Sunday, November 16, 2008

Of Subs and Spaceships

During my recent trip to San Diego, I had the opportunity to tour the B-39, an old Russian Foxtrot submarine that was once involved in the Cuban Missile Crisis. Actually, my admission to the San Diego Maritime Museum allowed me access to the HMS Surprise, the sailing vessel used in the movie Master and Commander: Far Side of the World (with Russell Crowe), the Berkeley a large and very impressive ferry, the Medea, a luxury steam sailing yacht, and the Star of India, another tall ship with a long history as the world's oldest active ship.

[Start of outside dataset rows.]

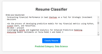 September 16, 2024 - This web app classifies resumes into job categories like “Data Scientist” or “Software Engineer” based on the text content. In future stages of the project, we plan to integrate the LinkedIn API to further automate the resume creation process. This project uses Flask as the backend framework and Scikit-learn to power the machine learning model.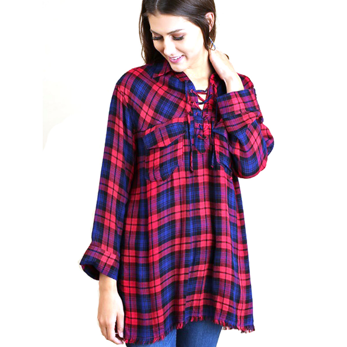 Plaid Fringe Hem Tunic with a Drawstring Neckline
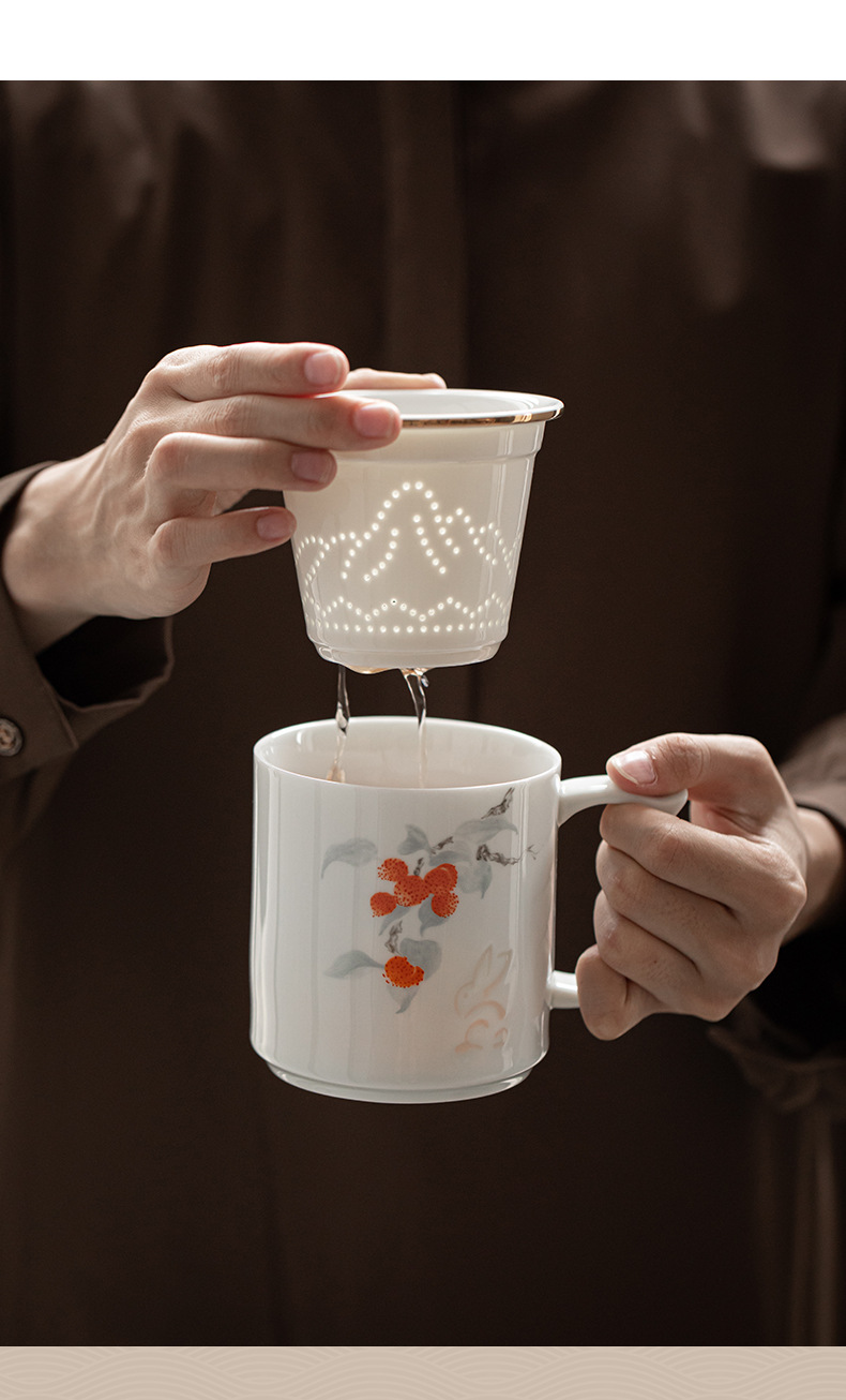 - Cốc văn phòng Linglong cốc tách trà sứ trắng gia dụng cốc lọc có nắp cốc trà chuyên dụng cá nhân tặng quà

But I made a B-line for B-39, leaving poor David in my wake. My military officer/police chief spouse likes to read everything--all the plaques, commemorations, signs and notices. I'm more of a visual learner. I scan signs at points of interest, but I pretty much go for the hands-on experience. And I couldn't wait to get my hands on--and feet into--that sub.

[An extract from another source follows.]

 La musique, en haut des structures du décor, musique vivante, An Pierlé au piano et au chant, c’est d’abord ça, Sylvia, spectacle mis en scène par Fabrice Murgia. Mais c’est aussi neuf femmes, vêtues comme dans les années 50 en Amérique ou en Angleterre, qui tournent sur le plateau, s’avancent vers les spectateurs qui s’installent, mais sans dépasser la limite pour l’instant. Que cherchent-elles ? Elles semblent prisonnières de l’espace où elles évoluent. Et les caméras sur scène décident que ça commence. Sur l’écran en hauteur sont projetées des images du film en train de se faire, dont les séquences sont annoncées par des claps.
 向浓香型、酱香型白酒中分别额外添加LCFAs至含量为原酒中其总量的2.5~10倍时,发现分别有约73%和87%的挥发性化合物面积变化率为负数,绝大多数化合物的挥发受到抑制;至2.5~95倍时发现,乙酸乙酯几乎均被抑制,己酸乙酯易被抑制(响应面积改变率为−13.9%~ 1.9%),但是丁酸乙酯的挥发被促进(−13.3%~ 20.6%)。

I scoured the old diesel Foxtrot from bow-to-stern, examining hatches, instrumentation, torpedo tubes, the wardroom/medical clinic (nothing like eating dinner from a table used for operations, eh?), the radio room, officers and captains quarters (which were very miniscule and spartan), the sleeping berths or racks (well-named, since they were racks of cots four high, four end-to-end set into every available space along the bulkheads, behind machinery, or in the torpedo rooms), the emergency hatch, and the three heads (toilets) which were beyond basic. I paid special attention to how the boat was laid out and how space was used.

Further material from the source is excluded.